In the academic literature, researchers have proposed several approaches for spatiotemporal reasoning on semantic descriptions of evolving human embryos and 3D molecular models. For instance, in [13], the authors proposed an approach that leverages RDF, OWL, and SPARQL, along with an ontology that describes stages, periods, and processes. In a similar vein, [16] proposed an approach that combines different input and output modalities to enable presentation and interaction tailored to specific types of content and tasks. While there has been more research on the semantic representation of animations than interactions, the existing approaches in both areas remain preliminary and face several challenges, particularly in terms of content exploration

There is also another recent work that focuses on humans and their interactions in virtual reality and on creating an ontology for experimentation of human-building interaction that uses virtual reality (VHBIEO) [2]. The proposed solution aims to create a standardized approach to virtual human-building interaction experimentation. To achieve this, an ontology has been developed that builds on existing ontologies and semantic models, such as EXPO, STED, DNAs, ifcOWL, SSN, SUR, and UO. The DOGMA methodology has been employed to establish the internal structure of the ontology. In a similar vein, another ontology has been introduced in [7]. This ontology focuses on human-centred analysis and design of virtual reality conferencing, with goals that include enhancing user experience, facilitating research on VR-conferencing (especially psychological and behavioral), and enabling the sharing of research findings. Although both ontologies are still in their early stages of development.

3 Semantic Behavior Model

The presented knowledge-based model is a formal representation of 3D objects’ behavior, including their interactions (with users and other objects) and autonomous actions. Knowledge exploration is made possible through the use of complex domain terminology, which is tailored to a specific application domain. The model may be used for any domain ontology.

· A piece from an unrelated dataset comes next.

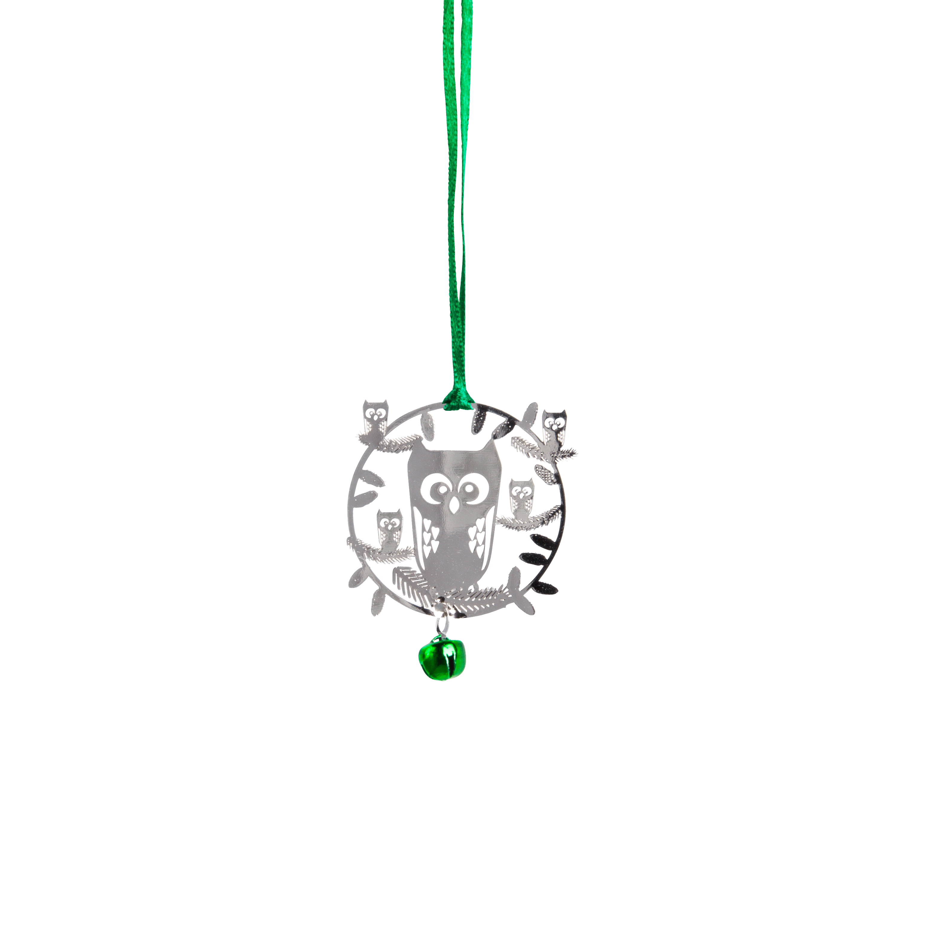 Metal silver hanging owl ornament.

The model allows for the representation of the behavior of XR objects and environments. The behavior of an XR environment encompasses the actions of its users and objects. The model consists of two main components based on distinct knowledge representation technologies, which differ in expressiveness.

  1. 1.

    The ontology-based behavior representation component provides a foundation for representing the behaviors of explorable XR environments. This component encompasses classes and properties defined in ontologies based on Semantic Web standards that implement description logic. The component consists of three main elements:

    1. (a)

      Domain ontologies, which are formal specifications of the conceptualization of individual application domains for which explorable XR environments are created.

    2. (b)

      A fluent ontology, which defines domain-independent classes and properties of temporal entities and the relationships between them. The ontology also specifies entities for the visual representation of the behaviors of XR components and environments. Additionally, it enables visualization associated with knowledge exploration.

    3. (c)

      Visual semantic logs, which represent knowledge about the behavior of users and objects demonstrated during sessions of using explorable XR environments.

  2. 2.

    The rule-based component for behavior representation provides complex relationships between temporal entities defined in the fluent ontology component. In particular, this component enables transitions between events and states that are essential for describing the behavior of XR components and environments. Entities and relationships are specified in a fluent set of rules. The rule set is defined using logic programming, which allows for describing relationships between the properties of individual objects.

The model utilizes knowledge representation technologies to provide axioms that allow for the representation of behaviors, features of components, and XR environments. An XR component is a reusable module, which is a collection of classes with methods that can be combined with other XR components in an XR environment.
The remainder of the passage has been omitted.